Второй раз они встретились годы спустя и уже наедине, когда состоявшаяся журналистка и постоянный автор “Советского экрана” пришла брать интервью у состоявшегося режиссёра и автора нашумевшего “Потёмкина”. Беседа обернулась неиссякаемым потоком шуток, анекдотов и реприз — сначала по-русски, а затем по-английски (тут-то и выяснилось, что оба прекрасно владеют языком Шекспира), сначала из его уст, а затем из её (также выяснилось, что оба весьма остры на язык).

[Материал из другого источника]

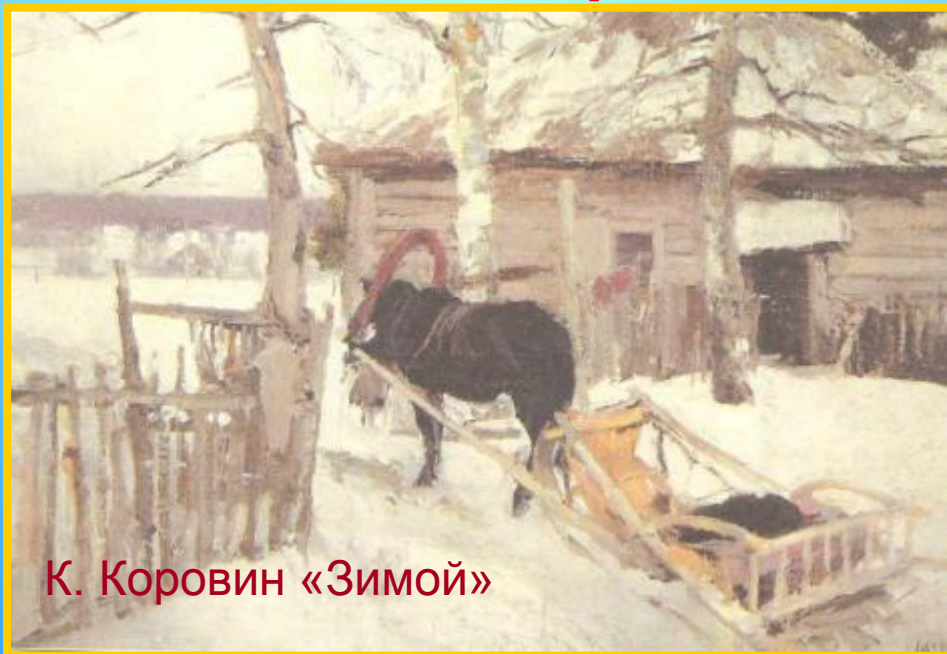
К. Коровин «Зимой»
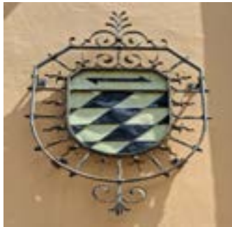
Het stadswapen van Oberndorf am Neckar aan de muur van een gebouw.

Als stichting proberen we verbindingen te leggen en begrip te kweken voor elkaar. We

Ей было странно и весело куролесить с самым значительным режиссёром страны. А он просто разминал харизму и английский перед следующим интервью — с журналом Variety.

На кафедре кинотехникума лектор Эйзенштейн блистал — не ярко, а совершенно ослепительно. Оголодавший по чужим взглядам за месяцы затворничества (пока днями валялся на кровати, а ночами строчил глубокомысленные тексты), он резвился перед аудиторией, как выпущенный на волю журавль. Его лекции можно было разбирать на цитаты, а наброски мизансцен, что мелом царапал одну за другой на классной доске, сразу же включать в учебники по мастерству. Каждую мысль — не просто кидал публике, а крутил виртуозно, подсвечивая то с одной, то с другой стороны. Каждую сцену — не просто описывал, а играл по-настоящему (и порою лучше, чем актёры на экране). Каждый взгляд — не просто бросал в зал, а накрепко сцеплял с чьим-то взглядом, и это секундное единение педагога и ученицы было тем интимней, чем больше вокруг имелось наблюдателей.

Сомлели от лектора все. А Пера загорелась — не на шутку, по-настоящему — впервые в жизни. Тем более что и со стороны Эйзена, кажется, искрило щедро — взглядами, вздохами, лёгкими касаниями и разговорами на такие откровенные темы, после которых сомнений остаться не могло. Пера ещё не знала, что искры — не всегда предвестники огня.

Они гуляли: по Гоголевскому — до её квартиры, затем по Чистопрудному — до его. Он разрешал себя провожать и, прощаясь с ней у собственного подъезда, не звал к себе.

Они много спорили: о кино, театре, немецком экспрессионизме, наскальных росписях, полигамии шимпанзе и способах заваривать байховый чай, и ещё о доброй сотне предметов и явлений. Он любил, чтобы она долго и честно сопротивлялась, а под конец уступала — и она делала в точности как он любил.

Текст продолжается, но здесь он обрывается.